Among his grievances against the NFL was a claim that the league put its profits ahead of player safety by concealing the harm CTE, and football, can cause.

Tamura didn’t play professional football but played during his high school years in Southern California, where he grew up.

“There is no justification for the horrific and senseless acts that took place,” the NFL said in a statement. “As the medical examiner notes ‘the science around this condition continues to evolve, and the physical and mental manifestations of CTE remain under study.’”

The disease affects regions of the brain involved with regulating behavior and emotions. It has been linked to concussions and other head trauma associated with contact sports, with evidence of the disease found in both professional and high school athletes.

After more than a decade of denial, the NFL conceded the link between football and CTE in 2016 testimony before Congress, and has so far paid more than $1.4 billion to retired players to settle concussion-related claims.

Tamura had twice been hospitalized during mental health crises in recent years, officials said.

During a 2022 incident, his mother told 911 dispatchers that her son was threatening to kill himself, adding that he suffered from “depression, concussion like sports concussion, chronic migraines, and insomnia.”

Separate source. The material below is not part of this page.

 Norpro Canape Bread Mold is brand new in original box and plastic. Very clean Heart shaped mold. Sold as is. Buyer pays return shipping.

The following year, he was arrested on a misdemeanor trespassing charge after becoming agitated when he was told to leave a suburban Las Vegas casino. Prosecutors later dismissed the case.

The medical examiner’s report did not reach a conclusion on the cause of the disease but noted it was often found in those “with a history of repeated exposure to head trauma.”

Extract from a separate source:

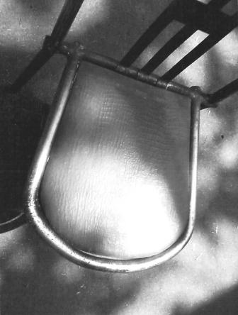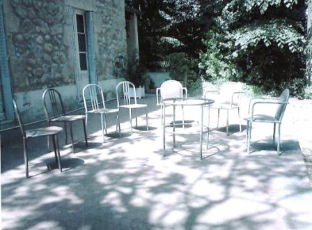 Les quatres chaises et les trois fauteuils sont fabriqués en tube d'acier inox avec une assise en bois revêtue de simili-cuir (le dossier des fauteuils est de même composition que les assises). La table est faite elle aussi de tube en acier inox, avec pour plate-forme, un cercle en verre fixé sur la table.

Dr. Daniel Daneshvar, chief of brain injury rehabilitation and associate professor at Harvard University, said even a low-stage diagnosis of CTE could be responsible for “behavioral changes and impulse control problems,” which often progressed with age.

But he cautioned against drawing a direct line between the disease and a person’s specific actions.

“Pulling the string and figuring out which process is responsible for someone’s actions is not something we’re able to do,” he said.